In order to investigate the spatial resolution variation with respect to the Cerenkov source position the FWHM was calculated at the three different capillary depths.
The spatial resolution value is highly dependent on the tissue optical proprieties, and, thus, it is useful to compare the experimental FWHM measured using ex vivo slices of chicken breast with respect to the resolution achievable in vivo in a mouse. In order to perform such comparison a slab of tissue with in vivo mouse muscle optical properties was modeled as a 3D isosceles trapezoid, with parallel sides 40 mm and 75 mm in length, 20 mm in height, and 40 mm width. A 1 mm diameter cylindrical tubes 15 mm in length was modeled with Cerenkov spectral emission, placed at depths 4, 6, 8, and 10 mm horizontally in the slab and at a number of separation distances.
Another set of simulations were performed in order to investigate the ability of the msCLT algorithm to distinguish two small sources close to each other as suggested in . The smallest spacing between the sources at which they are still separately distinguishable in the reconstruction is considered at 33% Michelson contrast, and can be noted as a function of depth. The cylinders were modeled on a 0.2 mm cubic grid. The noiseless photon density data at the top surface (narrower of the parallel sides) was forward modeled using the Green's function Equations described in . Photon density data were modeled for 580, 600, 620, 640 and 660 nm.

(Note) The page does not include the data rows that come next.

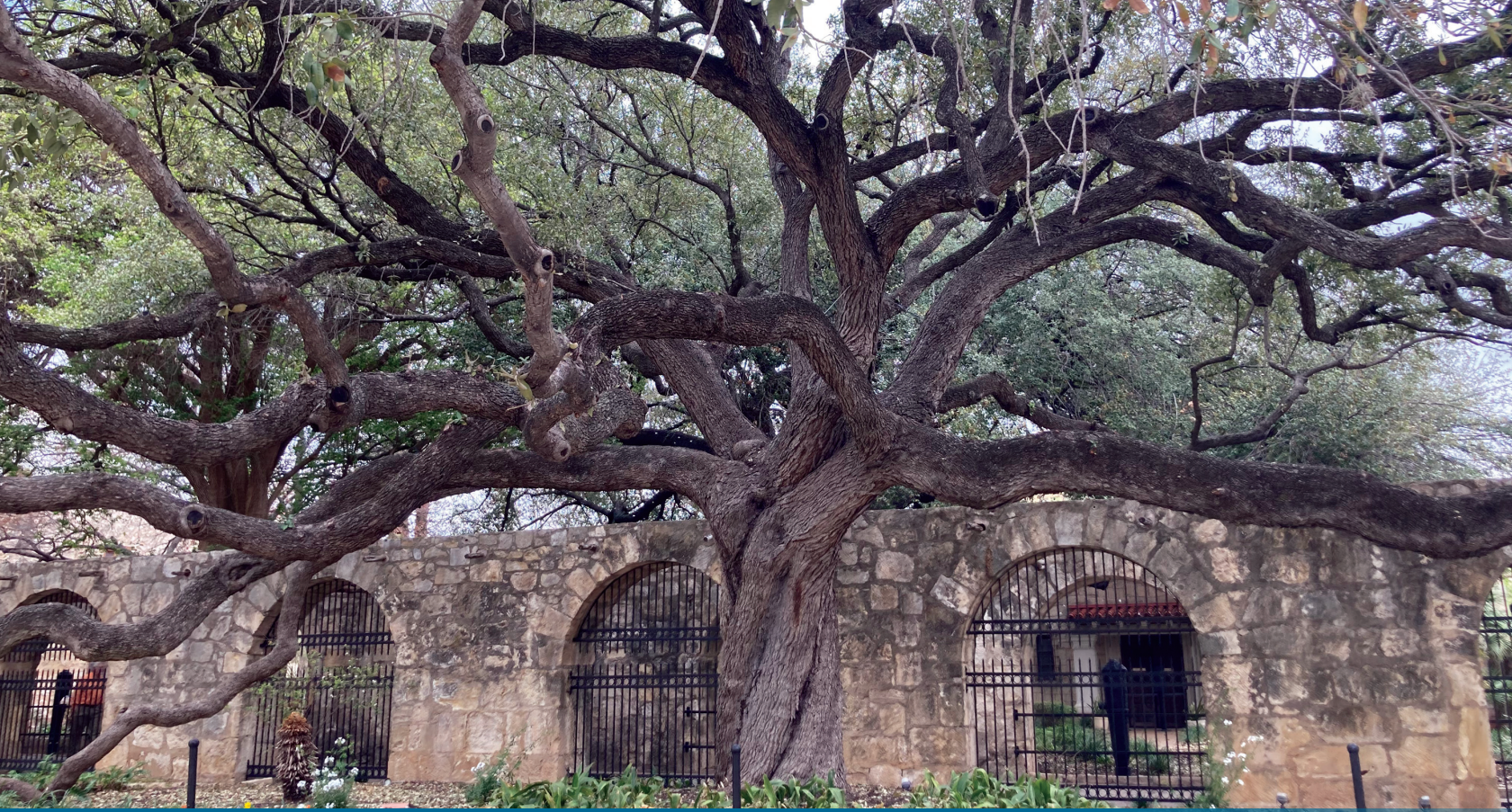
Take in the beauty and history at The Alamo - The Cradle of Texas Liberty
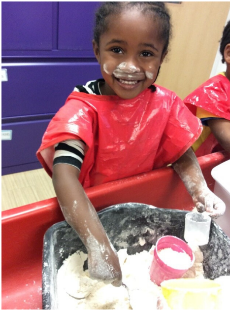
A preschool girl with flour on her nose and cheeks smiles as she plays with a bin of flour and measuring cups
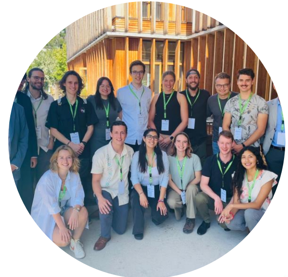
EBSF IFSA-IAAS-IACGB Youth Delegation
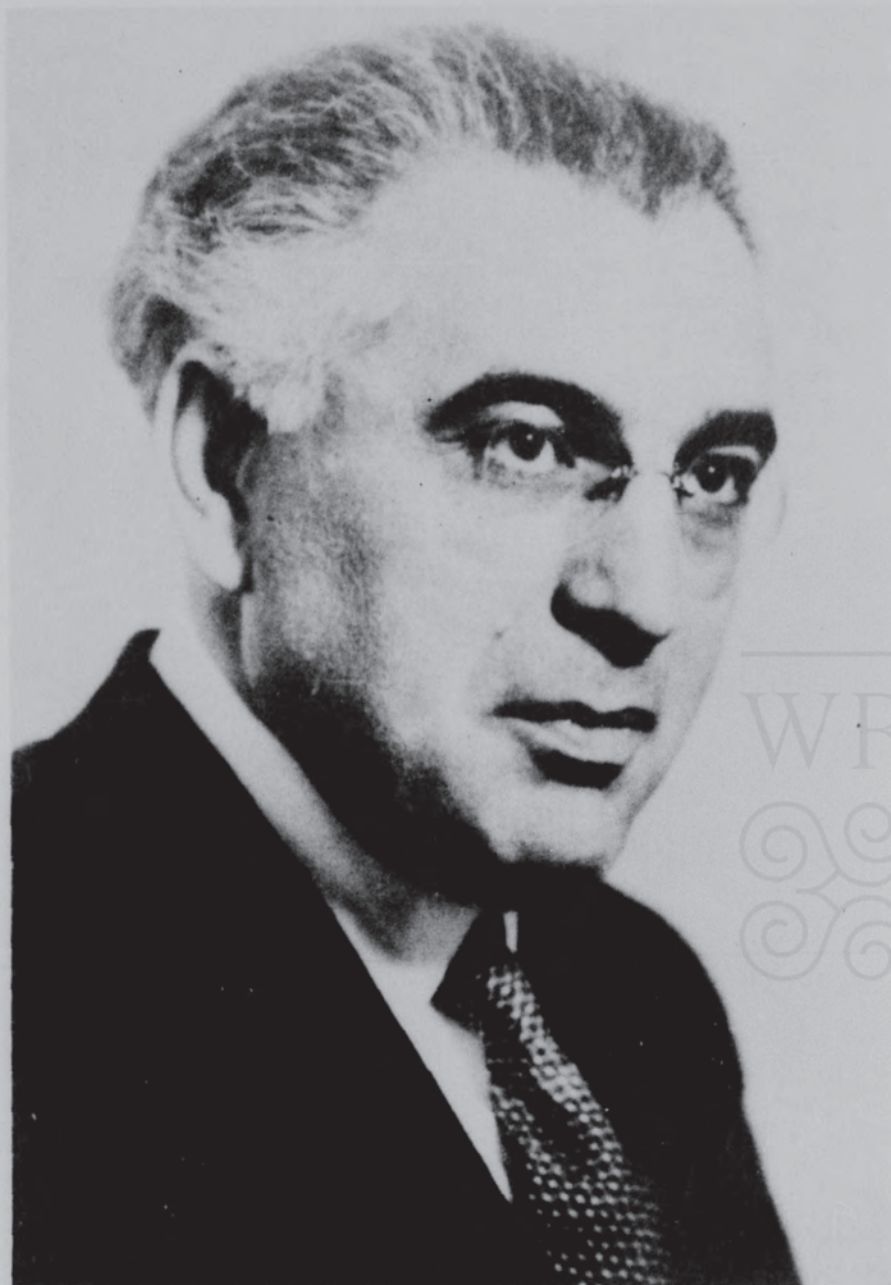
DR. ABBA HILLEL SILVER

AMERICAN JEWRY'S OUTSTANDING PERSONALITY

2.4 In-vivo 32P-ATP bio-distribution measurements
In order to validate in vivo the proposed msCLT image reconstruction scheme a control two nude mice were injected with 10 MBq of 32P-ATP. During injection and images acquisition the mouse was kept under gaseous anaesthesia (2% of isoflurane and 1 l/min of oxygen). All the animal handling was approved by the Institutional Ethical Committee according to the regulations of the Italian Ministry of Health and to the European Communities Council (86/609/EEC) directives.
A dynamic planar CLI scan were performed for 60 minutes after tracer injection, more precisely 10 images were acquired without any filter every 6 minutes using exposure time=300 seconds, f=1, binning B=8 and with a Field of View=12.8 cm.

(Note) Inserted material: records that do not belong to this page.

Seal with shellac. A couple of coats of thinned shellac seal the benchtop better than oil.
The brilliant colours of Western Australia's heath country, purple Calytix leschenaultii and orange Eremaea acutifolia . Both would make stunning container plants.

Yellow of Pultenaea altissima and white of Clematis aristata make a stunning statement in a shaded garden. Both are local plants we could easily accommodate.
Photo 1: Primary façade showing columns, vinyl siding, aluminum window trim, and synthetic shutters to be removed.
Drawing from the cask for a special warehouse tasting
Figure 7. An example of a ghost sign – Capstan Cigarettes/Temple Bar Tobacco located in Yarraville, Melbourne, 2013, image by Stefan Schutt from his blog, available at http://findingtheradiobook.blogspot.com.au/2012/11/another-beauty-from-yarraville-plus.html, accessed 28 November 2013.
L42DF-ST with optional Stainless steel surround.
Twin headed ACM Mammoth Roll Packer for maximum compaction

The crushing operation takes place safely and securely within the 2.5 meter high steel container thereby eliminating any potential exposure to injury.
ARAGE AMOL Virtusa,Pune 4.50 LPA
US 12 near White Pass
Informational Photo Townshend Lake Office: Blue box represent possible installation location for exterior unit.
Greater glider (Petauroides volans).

CLI spectra of the animals were acquired for 30 min after 2 and 4 days from the tracer injection and were measured with the following parameters: exposure time=300 seconds, f=1, binning B=8 and with a Field of View=12.8 cm. A whole body MRI of the mouse was acquired immediately after OI in order to provide an anatomical localization of the Cerenkov source. The MR image were acquired using a T2W sequence with the following parameters: TR = 8388.2 ms, TE = 76.0 ms. The resulting image has a trans-axial pixel size of 0.156 mm and a slice thickness of 2.00 mm. In order to reduce OI-MRI co-registration errors the mouse was fixed to a rigid custom made multimodality bed that can be easily insert into the MR bore. The OI and MR image registration was performed by manual registration whereby the animal surface determined by structured light and MR were matched in the 3D viewing perspectives.

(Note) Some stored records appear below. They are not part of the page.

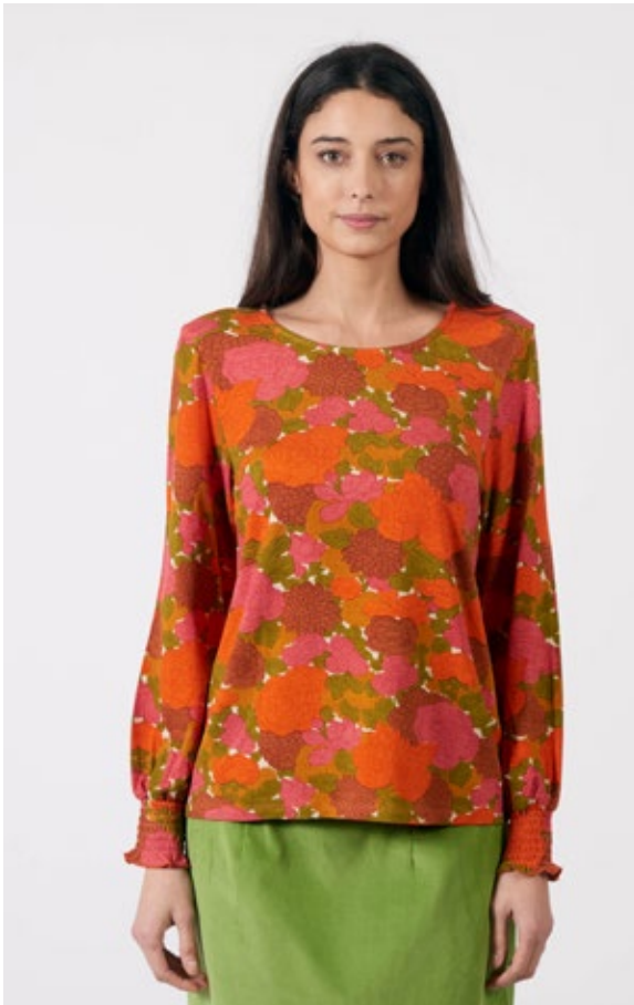
STYLE: HELGA PRINT: FALL FLOWERS FABRIC: 97% VISCOSE, 3% ELASTANE FSC CERTIFIED FABRIC
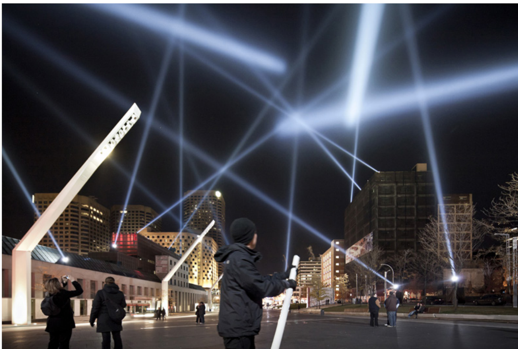
Rafael Lozano-Hemmer, Articulated Intersect , 2011, Custom-built haptic levers, computers, searchlights, dmx distribution. Variable dimensions. Collection: Musée d'art contemporain (Montréal).
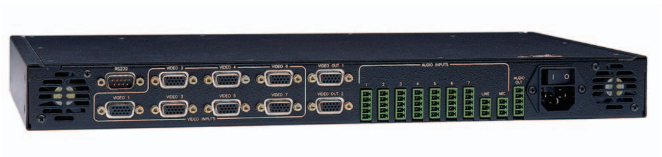
PresentationPRO Rear Panel

After day 4 one mouse was euthanized and all the organs were removed and imaged using the same imaging parameters as for in vivo imaging.
3.1 Capillary image reconstruction at different source depths
Results of the msCLT reconstructed depth versus the experimental capillary depth are reported in Fig. 1 . The data show the correlation between experimental and reconstructed measures obtained with the use of the Cerenkov theoretical spectrum optical properties of the chicken breast from .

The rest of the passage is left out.